Thomas Buberl s’apprête à poursuivre son chemin à la tête d’Axa pour quatre années supplémentaires. L’assemblée générale du géant de l’assurance a entériné jeudi le renouvellement de son mandat d’administrateur. Depuis sa nomination en 2016, cet homme d’affaires d’origine allemande a profondément redessiné les contours du groupe. D’un assureur historiquement centré sur l’assurance vie et les risques financiers, il a recentré l’activité sur la santé, les produits d’épargne peu gourmands en capital, la prévoyance et l’assurance dommages pour les entreprises. Parallèlement, il a resserré l’empreinte géographique du groupe à une quinzaine de pays, contre une soixantaine auparavant, en privilégiant les marchés porteurs.

« Quand j’ai commencé, la croissance atteignait à peine 2 %. Aujourd’hui, elle dépasse 6 % », souligne le dirigeant âgé de 53 ans. Pourtant, à ses débuts, jeune, allemand et peu connu du milieu économique parisien, il ne disposait « d’aucun atout pour réussir », confie-t-il. Trouver sa spécificité et se démarquer n’a pas été une tâche aisée, ajoute-t-il.

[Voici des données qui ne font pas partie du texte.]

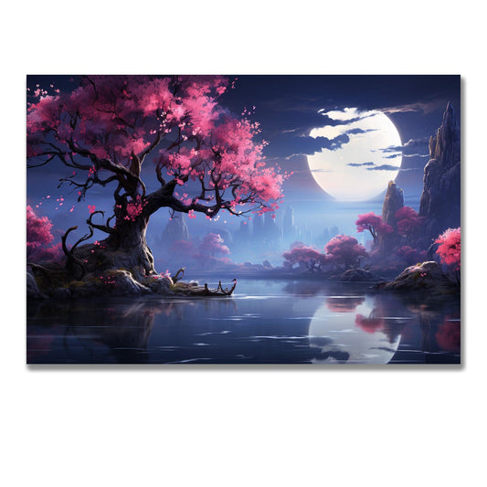 Tablou Canvas copac sub clar de luna visatoare | The Print Studio

D’une silhouette élancée et toujours impeccable, Thomas Buberl a gravi les échelons avec une rapidité remarquable au sein de l’assureur, avant d’être choisi de manière inattendue comme nouveau patron en 2016. Sa carrière a débuté comme consultant au Boston Consulting Group, une expérience formatrice qui lui a permis de choisir sa voie. Il a découvert dans l’assurance, malgré une image souvent perçue comme poussiéreuse, un métier « très noble », qui consiste à « aider les personnes en difficulté », mais insuffisamment reconnu à ses yeux.

En 2005, il rejoint Winterthur assurances, un groupe acquis l’année suivante par Axa. Il prend ensuite la direction de Zurich Insurance pour la Suisse en 2008. C’est en 2012 qu’il revient chez Axa, d’abord comme directeur général de sa filiale allemande, puis au sein du Comité exécutif, ce qui lui permet d’observer les décisions stratégiques et d’apprendre. Henri de Castries, son prédécesseur, raconte l’avoir « repéré » lors du rachat de Winterthur en 2006, alors qu’il était « très jeune, mais déjà remarquable ».

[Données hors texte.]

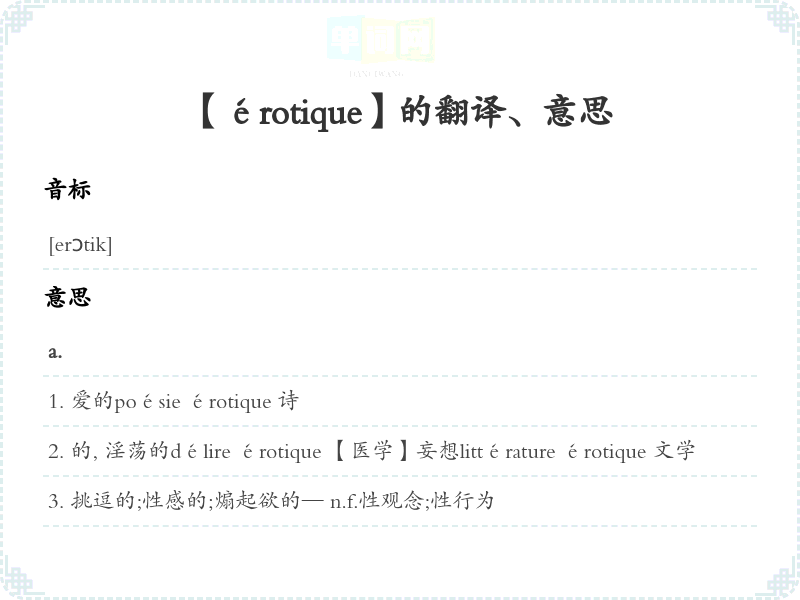 【érotique】是什么意思、字义解释

Thomas Buberl a non seulement dirigé le groupe avec brio, mais a également fait preuve d’une intégration remarquable dans la société française, insiste M. de Castries. Le dirigeant, qui possède les nationalités allemande, suisse et française, estime que son ouverture à plusieurs cultures l’a aidé à trouver sa place. Catherine MacGregor, directrice générale d’Engie, salue l’implication du patron d’une multinationale dans une initiative franco-française comme le collectif des entreprises pour une économie plus inclusive. Elle le décrit comme « quelqu’un de très réfléchi, de très concentré », partageant la conviction du rôle vertueux que l’entreprise peut et doit jouer sur des sujets de société.

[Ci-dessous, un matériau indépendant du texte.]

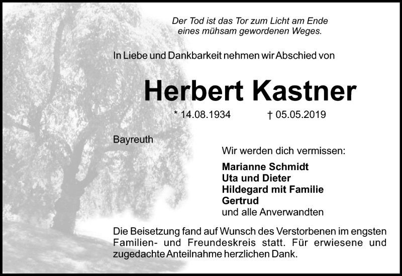 Hier finden Sie alle Traueranzeigen aus der Zeitung, die bisher für Herbert Kastner erschienen sind. Weitere Traueranzeigen, die in der Zeitung erscheinen, werden hier ebenfalls aufgelistet

Ces dix années à la tête d’Axa lui ont également permis d’affirmer son style de management. « Ce qu’il faut arriver à faire comme dirigeant, c’est d’aligner les gens pour poursuivre un but, tout en leur donnant suffisamment de pouvoir et de délégation pour exercer leur métier », explique-t-il. Officier de réserve de la Marine nationale, M. Buberl dit avoir « copié-collé pas mal de l’armée chez Axa », notamment le principe de délégation et d’alignement des valeurs. Les partenaires sociaux n’ont pas souhaité s’exprimer. Un salarié, sous couvert d’anonymat, estime qu’Axa est une bonne entreprise sur le plan social, mais note certaines rigidités dans le dialogue social, en particulier sur le télétravail, que la direction a réduit de trois à deux jours par semaine.